__YOUR GOAL__: The stretch wanted below opens at the line containing "Edytor tapety: Jezioro, Góry, Drzewa, Odbicie" and closes at the line containing "Светодиодная лента Maytoni". Please return it exactly, with no other lines.

__RECORD SET__:
[Start of Attachment]

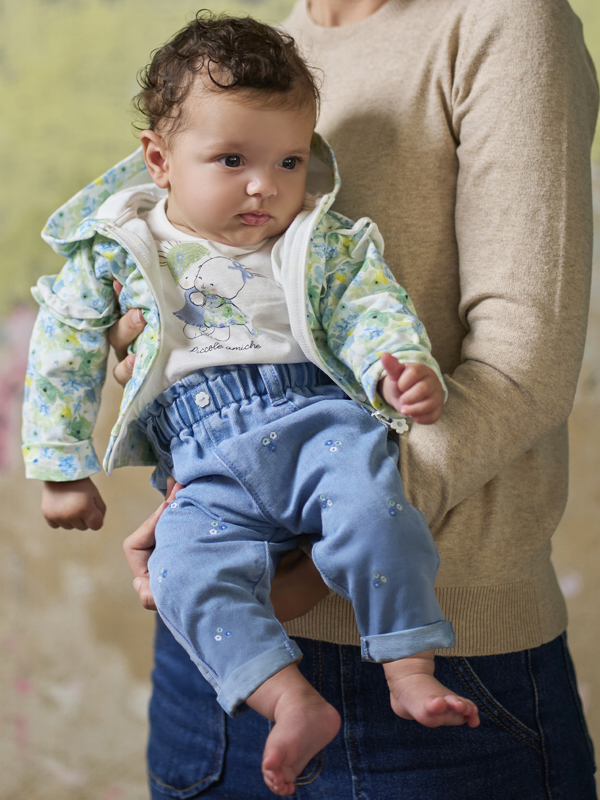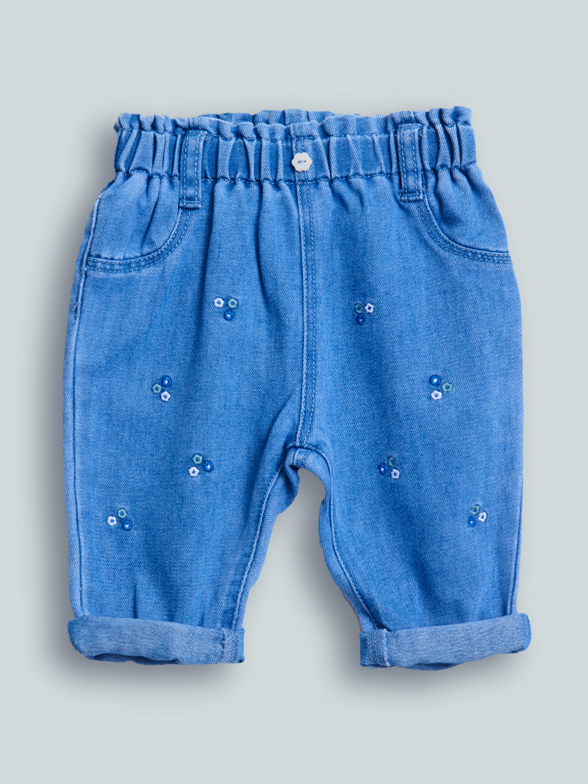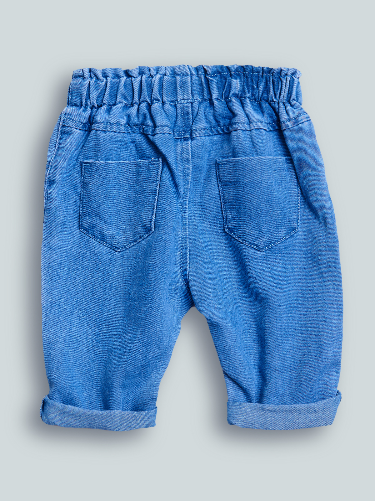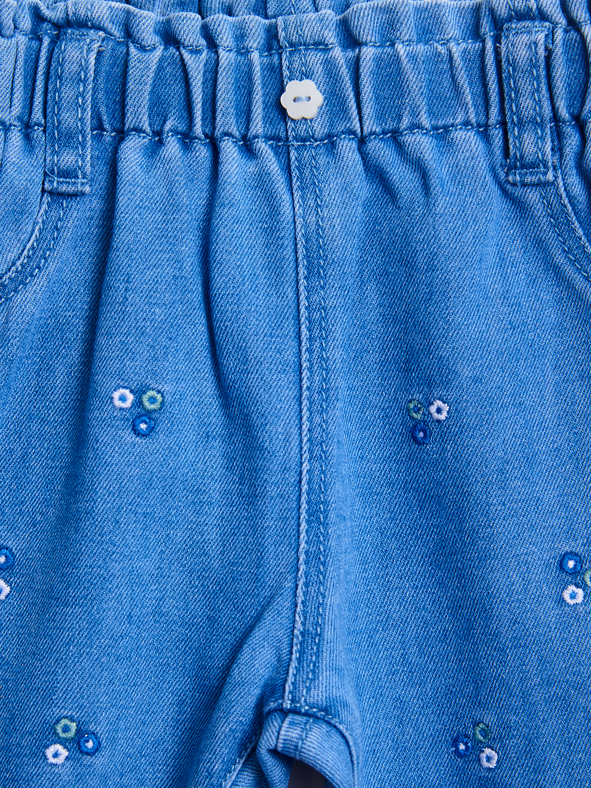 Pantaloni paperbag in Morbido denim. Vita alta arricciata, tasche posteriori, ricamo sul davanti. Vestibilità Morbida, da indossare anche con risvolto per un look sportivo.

[End of Attachment]
[Start of Attachment]

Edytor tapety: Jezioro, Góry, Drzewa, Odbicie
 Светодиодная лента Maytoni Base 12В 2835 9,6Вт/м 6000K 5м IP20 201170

[End of Attachment]

__PROBLEM SOLUTION__:
Edytor tapety: Jezioro, Góry, Drzewa, Odbicie
 Светодиодная лента Maytoni Base 12В 2835 9,6Вт/м 6000K 5м IP20 201170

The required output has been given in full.